O potencial medicamento deve seguir, então, para os testes pré-clínicos laboratoriais (in vitro) e em animais (in vivo), com objetivo de determinar se ele é seguro para ser testado em humanos. O dossiê de pesquisa é apresentado a órgãos regulatórios e comitês de ética em pesquisa, que validam se o novo medicamento pode ser testado em pessoas.
A etapa seguinte é de ensaios clínicos em humanos.

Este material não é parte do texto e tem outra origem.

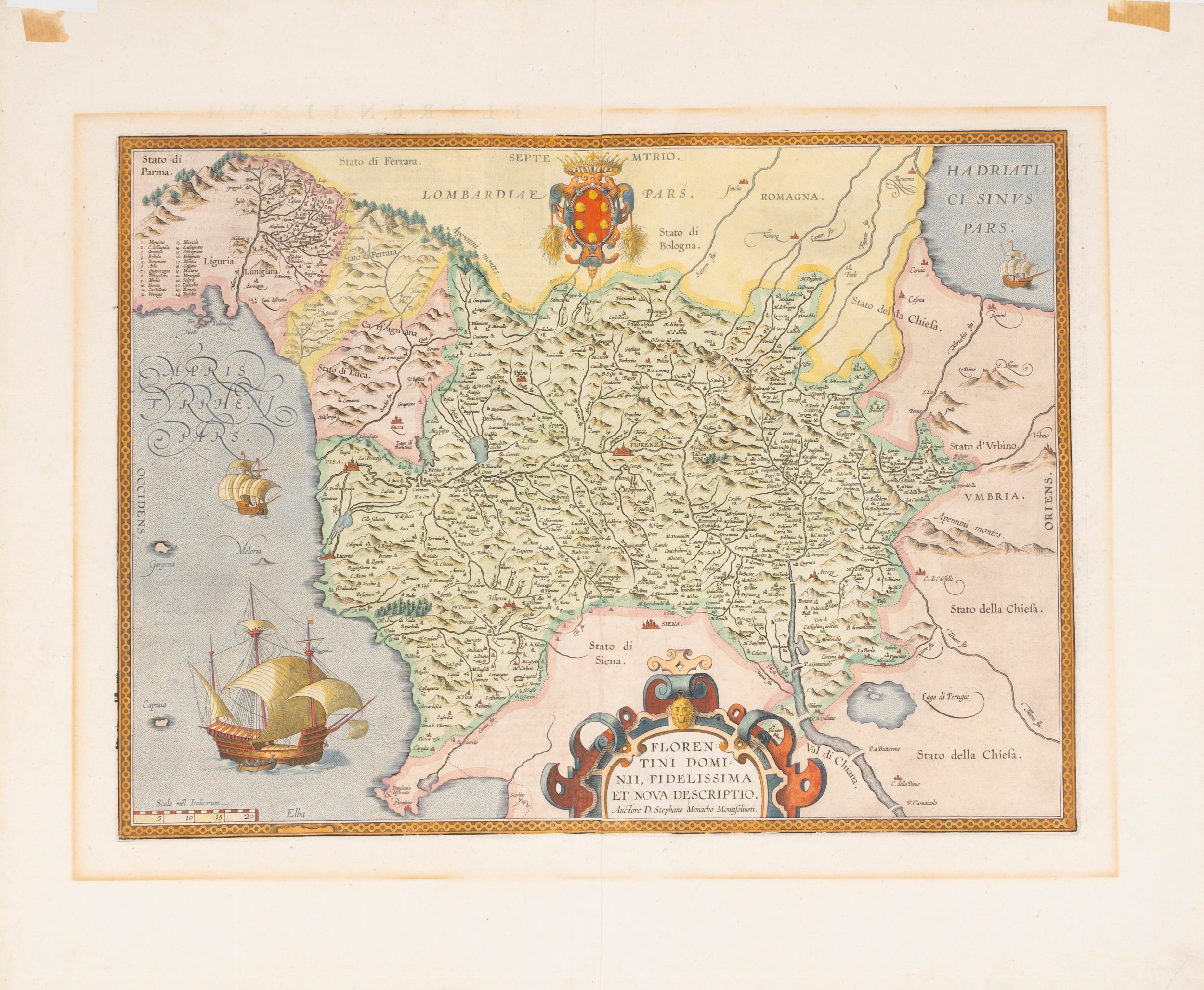 1595 Incisione su rame, colorata, cm 49x58. Testo latino al verso. Derivazione della rarissima carta di Stefano Buonsignori inserita nel Theatrum Orbis Terrarum di Ortelius a partire dal 1595. Con passepartout.

• Fase I – teste inicial de segurança em pequeno grupo de voluntários saudáveis, de forma a definir qual a maior dose possível tolerada por seres humanos e o seu perfil farmacocinético;
• Fase II – teste de segurança e eficácia em pequeno número de pacientes com a doença, para verificar se o medicamento de fato é efetivo e para definir seu regime terapêutico (frequência, dosagem);
• Fase III – com a dose e o regime terapêutico geralmente definidos, essa fase amplia o número de pacientes testados e avalia a efetividade comparativa da droga em relação aos tratamentos existentes (ou a placebo, se for o caso). Nesta fase, são mapeados também os potenciais efeitos adversos e contraindicações.
“O processo de criação de um novo medicamento pode demorar mais de 10 anos. São várias etapas, desde a pesquisa básica até os ensaios clínicos, até se obter todas as garantias de segurança e eficácia do tratamento em questão e, aí sim, levá-lo aos pacientes”, lembra Kratz.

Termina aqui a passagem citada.